Film Review: Savage Waters

Animals, by our nature, are curious creatures. Born to explore. To sniff that new scent. Eat that strange smelly thing on the floor. Some are braver than others, but we all learn through experience and being taught. Humans might like to think we’re superior, but when it comes down to it there are far fewer differences than similarities. Unlike out mammalian cousins, we have words and language to articulate our dreams. To inspire future generations.

The discovery of a nineteenth century treasure-hunter’s journal inspires Matt Knight, a renowned captain, and Andrew Cotton, a record-breaking big-wave surfer, to head out into uncharted waters. Their destination is the Savage Islands, a small Portuguese archipelago in the North-Atlantic Ocean. Remote and dangerous, their quests involve much skill and a fair amount of luck. Their journey is documented in Savage Waters.

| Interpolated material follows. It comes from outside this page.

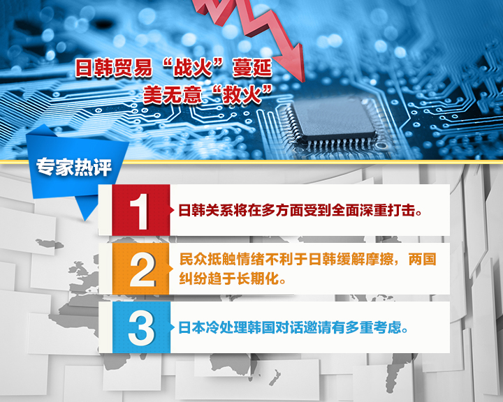 日韩经贸摩擦近日继续发酵,两国在世界贸易组织总理事会会议上展开激烈争论,日本还宣称要将韩国从其出口白名单中移除。日韩经贸摩擦到底弥漫出了怎样的火药味?两国关系正在面临怎样的考验?美高官访问日韩,为何对最迫切的贸易纠纷问题敬而远之,而是开出了“收费单”?如此避而不谈,美国这是要扮演怎样的角色?

Savage Waters takes us back to the golden age of exploration. When mankind’s thirst for discovery (and the promise of treasure) resulted in a complete reassessment of our world. Whether that’s to surf the biggest wave or to map uncharted waters. While the whys and wherefores of this voyage could be questioned, the spirit of adventure is clearly alive and kicking. This is the great takeaway from Mikey Corker’s film. Savage Waters is an ode to those who dare to dream.  

Savage Waters is the opening night film at Docklands Documentary Film Festival.